IRA, COBRA, DCAP. When it comes to benefits, there is no shortage of acronyms.
As an employee, there’s one of these acronyms employees certainly should know about: FSA, short for Flexible Spending Account. Also sometimes referred to as a flexible spending arrangement, an FSA is an employer-sponsored account into which employees put money to pay for some out-of-pocket medical, vision and dental expenses. A key advantage is that you’re not required to pay taxes on FSA funds.
Unlike Health Savings Accounts (HSAs), which are tied to high-deductible health plans, FSAs can be offered along with any type of employer-sponsored group health plan except for those from the Health Insurance Marketplace. Employers can make contributions to your FSA and match your deposits up to $500 — but they are in no way required to do so.
In some cases, individuals with an HSA can select a limited-purpose FSA (LP-FSA). The difference? These accounts are only for use toward vision and dental expenses.
There is a limit to how much you can contribute to an FSA every year. As mentioned in our “FSAs, HSAs and HRAs in 2023: New Rules for the New Year” blog, the IRS has increased the contribution limit on FSAs for 2023. The inflation-adjusted amount will allow you to put more tax-free dollars toward qualified healthcare items.
Use-It-Or-Lose-It
There is a catch, though. If you don’t use the money you set aside in your FSA by the annual deadline set by your employer — the standard is December 31 of the year you make the contributions — you forfeit what’s left. Your employer gets to keep any unused funds to offset the costs of administering the program’s benefits during the plan year. Some employers divide the unused funds among employees enrolled in an FSA.
Some employers allow their employees to carry over FSA funds into the following calendar year. The limit this year is $570.

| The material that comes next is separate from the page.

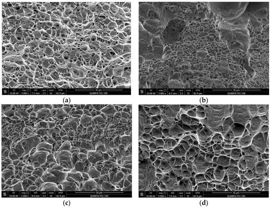 The tensile test results of the joints are shown in Figure 12, Figure 13, Figure 14 and Figure 15. The maximum tensile strengths of specimens #1~#10 were 734.21 MPa, 796.7 MPa, 728.47 MPa, 797.65 MPa, 824.3 MPa, 718.76 MPa, 793.05 MPa, 795.04 MPa, 555.84 MPa, and 649.05 MPa, respectively. This was under the identical welding current and for welding speeds of 160 cm/min, 180 cm/min, and 200 cm/min, respectively. The joint formed under the flowrate of 12 L/min had the highest tensile strength among the test specimens under different flowrates of 8 L/min, 12 L/min, 16 L/min, and 0 L/min. The morphologies of the tensile-fractured sections are shown in Figure 16 for when the welding speed was 180 cm/min. The fracture section of the weld seam formed under the flowrate of 8 L/min was a transgranular fracture along the cleavage planes, and thus can be classed as a brittle fracture; the fracture section of the weld seam formed under the flowrate of 12 L/min contained a large number of dimples. There was a certain amount of inclusion at the bottom of these dimples [34], indicating that the fracture belonged to the ductile regime. The fracture section of the seam formed under a flowrate of 16 L/min and without additional shielding gas was a transgranular fracture along the cleavage plane, indicating that it belonged to the brittle fracture.

Your employer also has the option to provide a grace period of up to two and one-half extra months for you to spend your FSA contributions. They can offer one of these options — but not both — and aren’t required to do either. According to the Employee Benefit Research Institute, approximately one-third of employers provide the average grace period to spend the money, and 42 percent allow employees to roll over the limited amount to the next year.
More often than not, employees do not to use all their FSA funds. About half of FSA account holders in the U.S.forfeit some or all of their contributed funds each year. Another note: if you switch to another job with another company, your FSA contributions won’t move with you.
Funds For You and Your Family
Married? Have kids? You might be surprised to learn that your FSA funds can also be utilized to pay for certain medical and dental expenses for you, your spouse and any dependents you claim on your tax return. That includes any adult children on your health insurance plan that will be 26 or younger on Dec. 31 of the year you enroll. An added bonus? It doesn’t matter if they’re already enrolled in another type of health insurance.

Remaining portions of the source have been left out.